Жесть
Шрифт:
Она тоже побежала. Он догнал и наподдал ей — так, что она споткнулась и упала на четвереньки. Он ждал, воинственно наклонив голову. Она схватила первое, что попало под руку (полено! как кстати!) — и швырнула в сбрендившее животное. Не попала, увы… Стальной прут не сохранила, дура, — как бы сейчас пригодился…
И все-таки козел дал Марине несколько секунд форы, позволив ей встать и побежать дальше — а может, просто готовил себе плацдарм для нового разбега? — так или иначе, она поняла, что дела плохи. С дороги надо уходить. Куда?

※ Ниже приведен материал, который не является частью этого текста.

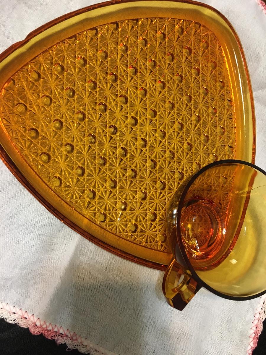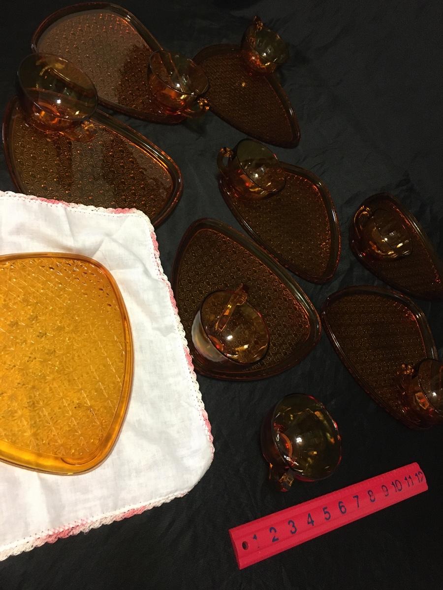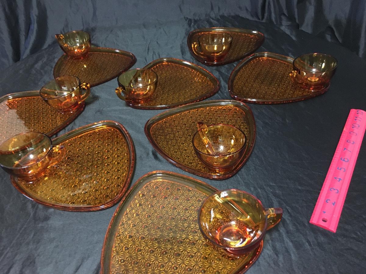 Set of 8 Vintage Amber daisy Pattern luncheon plate and cup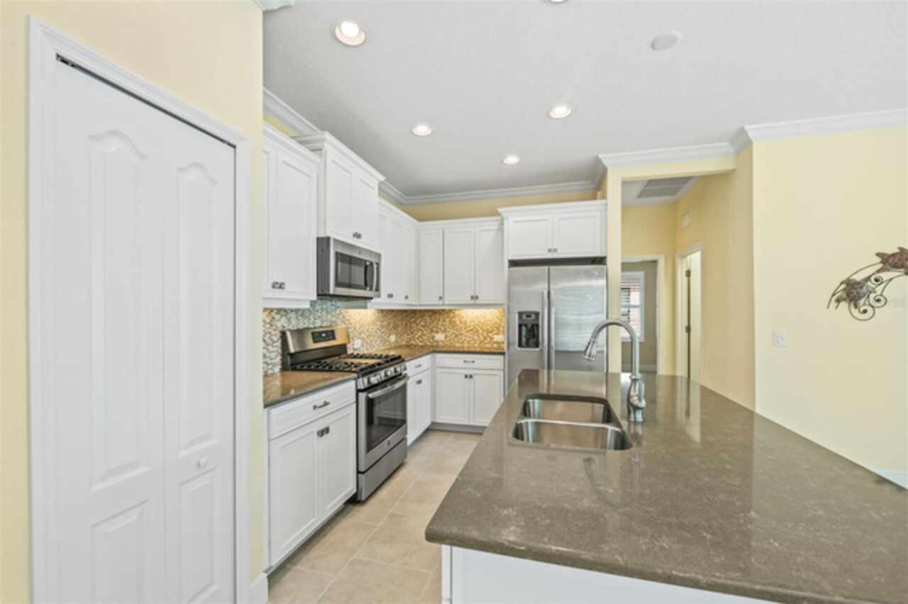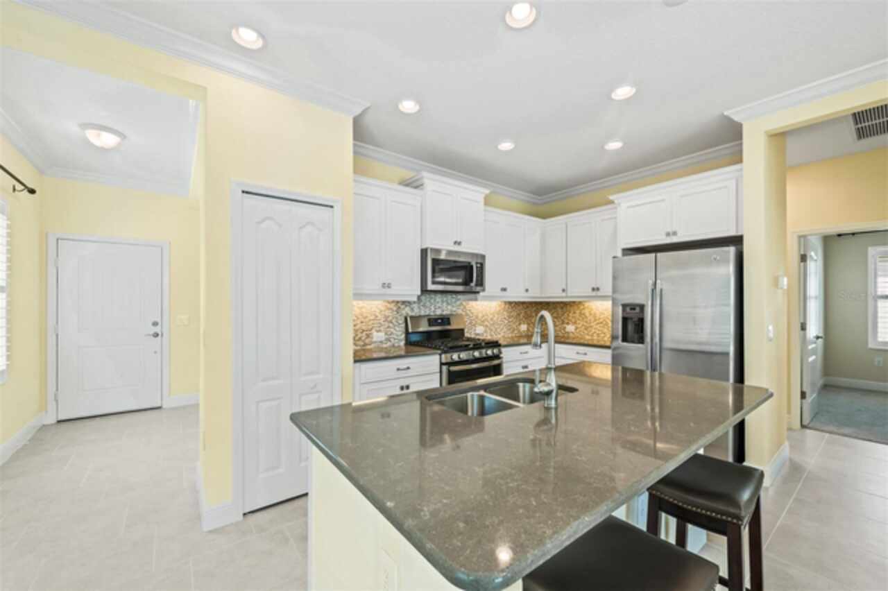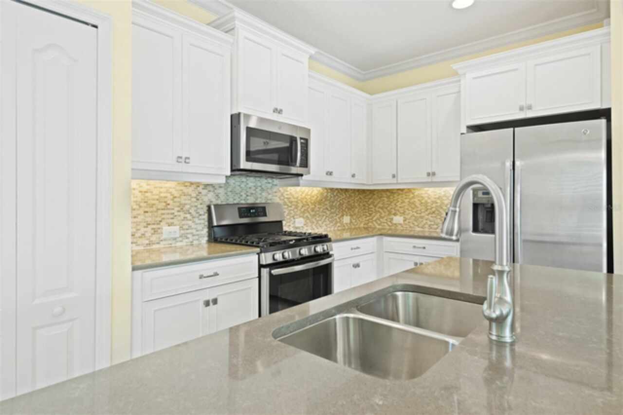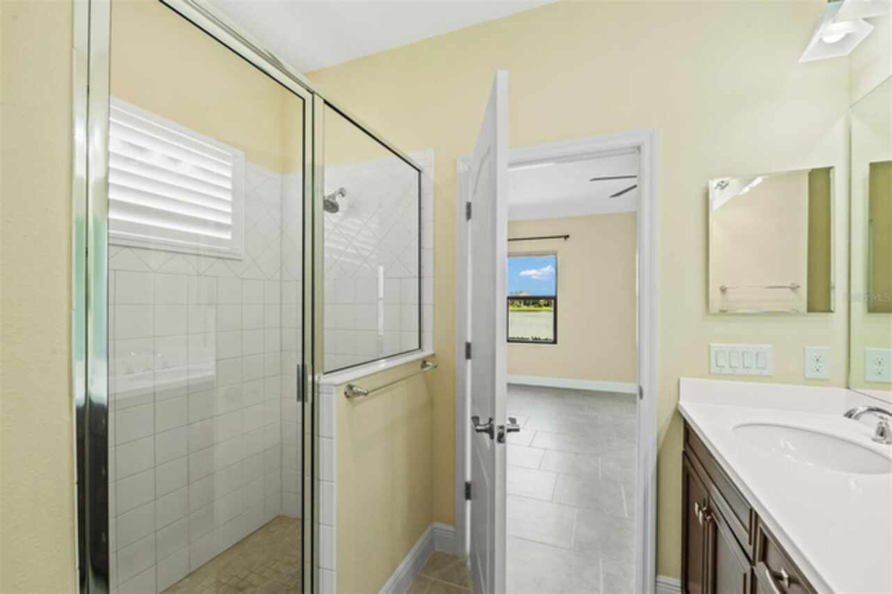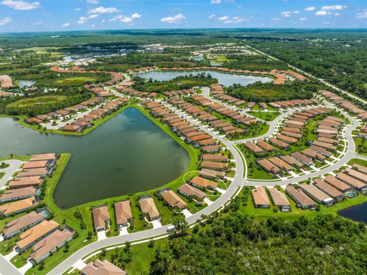 Under contract-accepting backup offers. Short Sale. This stunning water view home in the highly desirable Neal Community of Milano is a must see! The Anthem II is a well thought out floorplan consisting of 3 bedrooms, 2 full bathrooms and a den. The kitchen is highlighted by solid wood cabinets with crown molding, under cabinet lighting, tastefully tiled backsplash, stainless steel appliances, quartz countertops, closet pantry and a large island. The adjoining dining area and great room are perfect for entertaining or for quiet evenings at home. The den features recessed lights and large windows for a nice bright space that can be used for a variety of purposes. The owners suite showcases a large walk-in closet, ensuite bathroom with large glass enclosed walk-in shower and dual vanities. The two guest bedrooms share a guest bath which features a tub/shower combo. The extended covered lanai with long lake views is the perfect spot to enjoy your morning coffee or to wind down your day with an adult libation. Additional features of this home include; garage extension of 4 feet making it 24 feet deep, IMPACT RESISTANT WINDOWS AND DOORS, additional insulation in the walls, and crown molding in most rooms. Milano has low HOA fees and no CDD yet has an abundance of amenities for its residents to enjoy including; pickleball, bocce, pool, hot tub, dog park and a pool-side fire pit. Milano is centrally located with easy access to I-75, downtown Venice, the beautiful gulf beaches, the Atlanta Braves spring training facility and many dining and shopping options.

Да куда угодно!
Она свернула в первую попавшуюся калитку,
Козел уже не блеял, а трубил.
Она метнулась вбок, ища калитку — не нашла, снова уперлась в забор, на этот раз в виде сетки, натянутой между столбами. Полезла через него. Сломала каблук об столб, прокляв всё и вся. Сетка просела и позволила Марине перевалиться на ту сторону…
Она упала на куст одичавшей малины, оцарапав вдобавок руки и лицо. Рукава куртки были разодраны. Болел копчик. Таков был итог жестокой схватки.
До чего же глупо.
Козел сзади бесновался, хрипел и бил рогами в сетку.
Ей хотелось смеяться. Однако она заплакала…
…Со скрипом отворилась дверь сарая. В полосе света возник дюжий мужик — в тельняшке и с топором в руке.
Пошел к Марине. Его заметно мотало.
Она напряглась, спешно продумывая варианты своих действий: все-таки топор…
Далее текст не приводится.